There will always be colleagues who enjoy nothing more than spreading rumours or twisted versions of the truth. Some do it simply because they enjoy the attention, others may use it to sabotage someone to get ahead. They could be doing it out of spite and resentment, or because of their own insecurities. Perhaps they don’t even realise they are adding strain to the team.

For the purposes of this article, let’s define what is considered gossip:

  • Spreading rumours and hearsay
  • Spreading false information
  • Not correcting false information
  • Anything meant to humiliate or mock
  • Leaking private information

Identify the situation

The first step is noticing when a conversation has taken a turn into gossip territory. There is a difference between a colleague just needing to vent and unconstructive gossip. Venting is a statement of facts that directly impacts the person and their reaction to those facts. But once it steers into accusations or their assumptions of another person’s behaviour, motivation and/or personal flaws, then you are in the danger zone. If you notice one person who consistently causes drama, take the necessary actions to have as little non-task related interaction with them as possible.

Don’t let it get too far

While it might be enjoyable at the time remember that the more you engage in gossip, the more opportunity you give others to gossip about you. Don’t wait until they have told you the entire story. Find a way to divert their attention. You can try steering the conversation towards a work related task or requirement. Don’t give visual clues that you are interested in listening. Point out how much work you both have.

Or say something positive about the person they are discussing. Often hearing an opposite opinion will cause them to rethink their action.

Sometimes the best thing to do is just to politely excuse yourself and walk away.

Don’t give out too much personal information

It is normal for friendships to develop at work, and you should share enough of your interests so colleagues can get to know you and have friendly conversations. The trick is to not over share. Unless you trust someone completely, it is best to not divulge information that can provide fodder for gossip later on. General topics to try and avoid at work include:

  • Religion
  • Politics
  • Your love life
  • Relationship problems with friends and family

Don’t get confrontational

At some point, you may be the victim of office gossip. You may be tempted to get confrontational, but the majority of the time getting involved makes the situation worse. An emotional reaction could be just what the gossips were hoping for. Don’t give them the satisfaction. Cultivate a support system and work on reinforcing your own self-esteem. Remember all the reasons why you are a valuable employee and human being. Don’t retaliate or stoop to their level. If you do need to address a rumour, approach the instigator in a calm, collected way. Explain the situation from your perspective and point out any negative effects the gossip might have on you.

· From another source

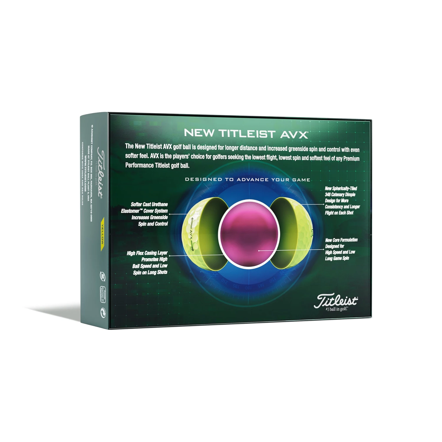 Titleist AVX Golf Balls – Yellow Dozen. The new Titleist AVX golf balls are for golfers looking to level up their game with advanced technology that delivers low flight, low iron spin for noticeably longer distance, incredibly soft feel and now, even more control.

If a rumour wildly discredits you or has the opportunity to reach your Manager, you should find a quiet moment with your Manager to address the situation. It can be as simple as: “There’s a rumour going around that I was __. I want to let you know that it is untrue.”

Set a better example

If you overhear a juicy story, don’t spread it. Instead, focus your work communications on creating a positive environment by sharing success stories. Strive to build up your colleagues and reinforce the cultural values and key behaviours that will lead to prosperity for all.